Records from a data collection
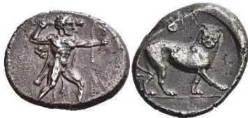
Abb. 35) Issos (?), 4. Jh., Stater, 10,35g, 22mm. Foto: NAC (Auktion 114, 2019, 276)
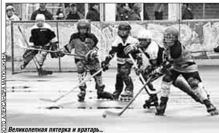
Великолепная пятерка и вратарь...
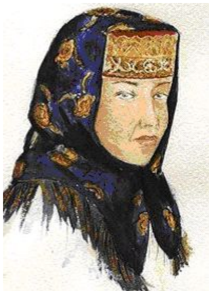
ПОВЯЗКА С ПЛАТКОМ
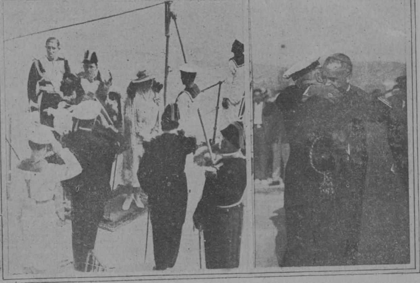
SANTANDER.—La Reina leyendo su discurso después de entregar la bandera de combate al «Reina Victoria Eugenia». La familia real al legar al crucero. VIGO.—El ministro de Marina abraza al Obispo de Madrid, que acudió a recibirle.
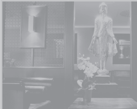
Volksnahe Gemütlichkeit: der Wankdorf-Club.

WANKDORF-CLUB im Stade de Suisse. Eröffnungsparty mit Djs Sir Colin, Christopher S. und anderen. Do, 21. Februar, 21 Uhr. www.wankdorf-club.ch
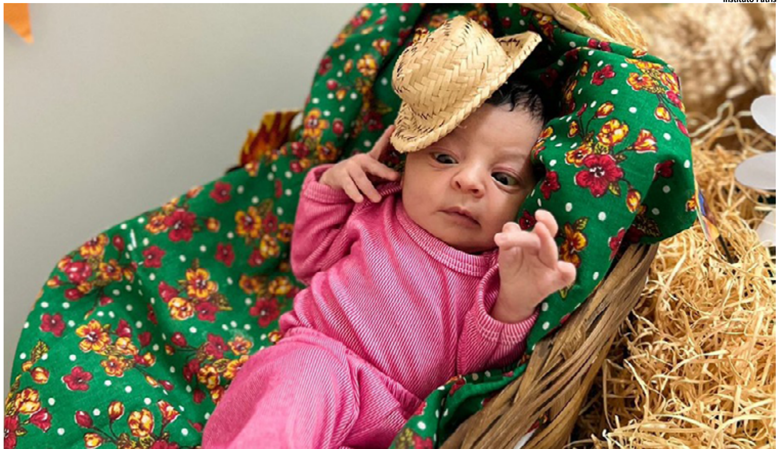
Um dos recém-nascidos que ‘posaram’ para o ensaio fotográfico junino da maternidade do HEL
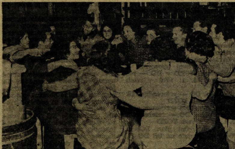
V emajlirnici je bilo prijetno, prepevali so, da je bilo veselje na najvišjem nivoju...

1. TOZD tovarna frit — predelava nekovinskih rudnin in to proizvodnje kremenčeve moke, živčeve moke, emajlov, frit in glazur za jekleno pločevino, litino in keramiko.
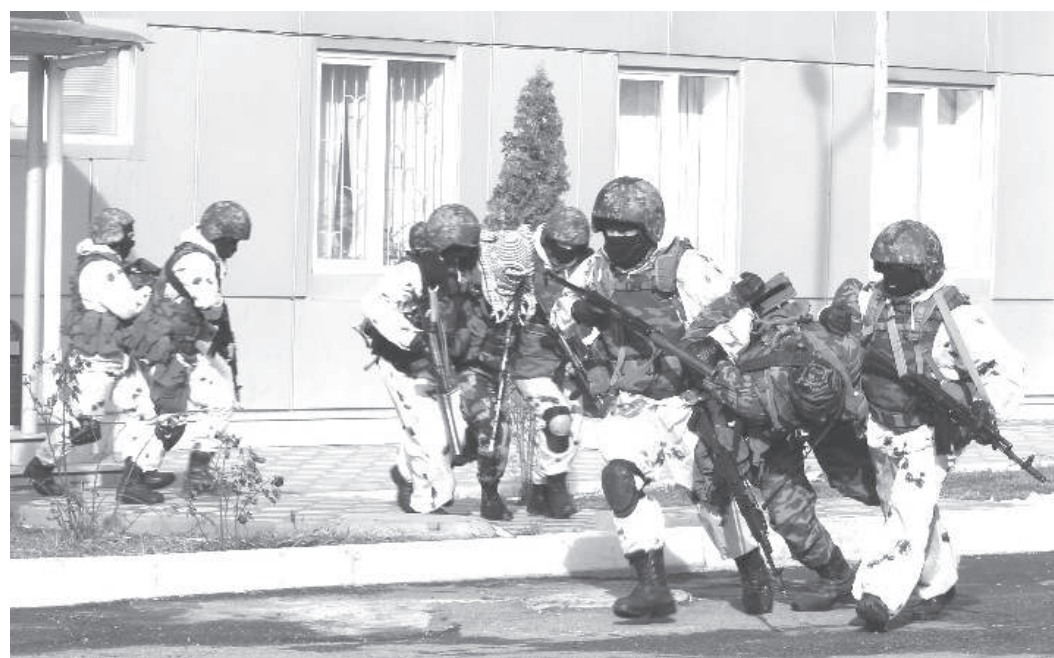
Во время учений
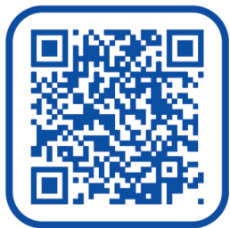
Прогноз магнитных бурь на май

ЭЛЕКТРОННАЯ ВЕРСИЯ ГАЗЕТЫ «МИР ЛУГАНЩИНЕ»
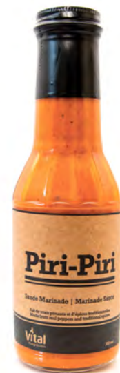
1108 Sauce marinade Piri-Piri Piri-Piri marinade
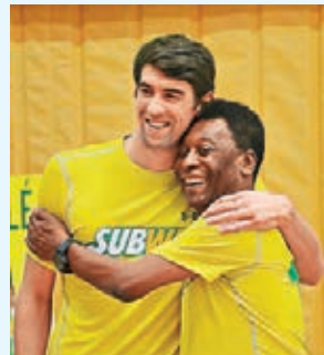
早前菲比斯會晤比利，是否已成前者邁向巴西的暗示？

「菲魚」的教練鮑曼接受美國傳媒採訪時，指這位京奧8金王將參加50米自由泳、100米自由泳及100米蝶泳3項比賽，亦透露菲比斯現仍未屆其最佳水平。鮑曼說：「我覺得他的想法，是先下水試試自己狀態，且看情況如何。我認為這並非一次完全準備

### ACTIVITY
Set down every record exactly, without the pictures.

### RESULT
Abb. 35) Issos (?), 4. Jh., Stater, 10,35g, 22mm. Foto: NAC (Auktion 114, 2019, 276)
Великолепная пятерка и вратарь...
ПОВЯЗКА С ПЛАТКОМ
SANTANDER.—La Reina leyendo su discurso después de entregar la bandera de combate al «Reina Victoria Eugenia». La familia real al legar al crucero. VIGO.—El ministro de Marina abraza al Obispo de Madrid, que acudió a recibirle.
Volksnahe Gemütlichkeit: der Wankdorf-Club.

WANKDORF-CLUB im Stade de Suisse. Eröffnungsparty mit Djs Sir Colin, Christopher S. und anderen. Do, 21. Februar, 21 Uhr. www.wankdorf-club.ch
Um dos recém-nascidos que ‘posaram’ para o ensaio fotográfico junino da maternidade do HEL
V emajlirnici je bilo prijetno, prepevali so, da je bilo veselje na najvišjem nivoju...

1. TOZD tovarna frit — predelava nekovinskih rudnin in to proizvodnje kremenčeve moke, živčeve moke, emajlov, frit in glazur za jekleno pločevino, litino in keramiko.
Во время учений
Прогноз магнитных бурь на май

ЭЛЕКТРОННАЯ ВЕРСИЯ ГАЗЕТЫ «МИР ЛУГАНЩИНЕ»
1108 Sauce marinade Piri-Piri Piri-Piri marinade
早前菲比斯會晤比利，是否已成前者邁向巴西的暗示？

「菲魚」的教練鮑曼接受美國傳媒採訪時，指這位京奧8金王將參加50米自由泳、100米自由泳及100米蝶泳3項比賽，亦透露菲比斯現仍未屆其最佳水平。鮑曼說：「我覺得他的想法，是先下水試試自己狀態，且看情況如何。我認為這並非一次完全準備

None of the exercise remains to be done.